De Champions League is de ultieme sportieve vreugde. ‘We hebben een kwalitatief goed team. Je voelt dat we iets kunnen laten zien, maar het is altijd de vraag of dat eruit komt. Dat is ook het fijne aan voetbal, het spannende. Elke keer luidt de vraag: komt het eruit of niet. Na een wedstrijd krijg je de oordelen, en dan ga je verder. Dan begint het proces opnieuw.

‘Met oordelen van de buitenwereld moet je zo weinig mogelijk bezig zijn. Het is makkelijk om ergens over te oordelen, maar het is veel belangrijker om iets te doen. Iedereen heeft oordelen. Ik betrap me er zelf ook op. Maar het is heerlijk als je geen oordelen hebt, dat is veel lekkerder. Dan zit je niet vast in een structuur en sta je open voor alles. Als je ergens met een oordeel ingaat, krijg je een tunnelvisie. Niet lekker. Soms heb ik onbewust een oordeel, maar dan denk ik: ik moet er blanco ingaan. Dat is beter. Dan houd je ook meer energie over. De een ziet het zus met voetbal, de ander zo. Wat is dan de waarde van een oordeel? Het is interpretatie.’

Het is prettig dat Ajax aantrekkelijk voetbalt, maar de hoofdzaak is winnen. ‘Het is dubbel. Je wilt iets van het een en je wilt iets van het ander. Als liefhebber heb je mooie wedstrijden nodig, maar in een seizoen komt het ook aan op stabiliteit en degelijkheid. Soms zijn we in Nederland te romantisch. Het gaat om winnen. De Champions League en het nationale elftal zijn de mooiste podia om dat te doen.’

Alleen Blind, Schöne en hijzelf hebben ervaring in de Champions League, maar nee, Klaas-Jan Huntelaar is geen type dat collega’s voortdurend bestookt met ervaringen. ‘Het is net als met kinderen. Je moet het eerst voelen, dan weet je hoe het is. Verhalen zijn leuk, maar het draait om wat je meemaakt. Uiteindelijk leer je het meest van ondervinding.’

Huntelaar in de Champions League

Klaas-Jan Huntelaar speelde vanaf 22 februari 2006, sinds zijn debuut voor Ajax in de Champions League met een doelpunt tegen Internazionale, dertig duels in de Europese topcompetitie. Hij scoorde veertien keer. Zijn hoogtepunt beleefde hij met Schalke 04, waarmee hij in 2011 de halve finales bereikte tegen Manchester United.

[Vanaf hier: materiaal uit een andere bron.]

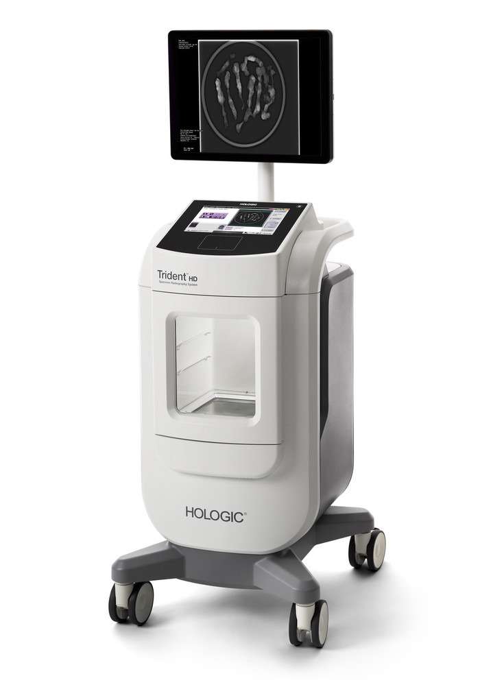 ‘트라이덴트 HD’는 유방암 수술 중 절제한 조직의 절제연(조직 절제범위 혹은 조직 절제마진)을 수술실 안에서 간편하게 확인할 수 있는 X선 촬영장치다.

‘Dat was een heel mooi jaar. We wonnen de Duitse beker en haalden de halve finales, al gingen we er kansloos af. In 2015 speelden we in de achtste finales een prachtige wedstrijd tegen Real Madrid, uit. We wonnen met 4-3. Met 5-3 waren we verder geweest. We hadden de laatste kans: ik legde van 11 meter terug op Höwedes. Hij raakte de bal niet helemaal vol, waardoor die voorlangs ging. Ik scoorde twee keer. Ja, mijn goals weet ik nog wel. Eentje was een rebound, met links in de kruising. Die andere ging onderkant lat.’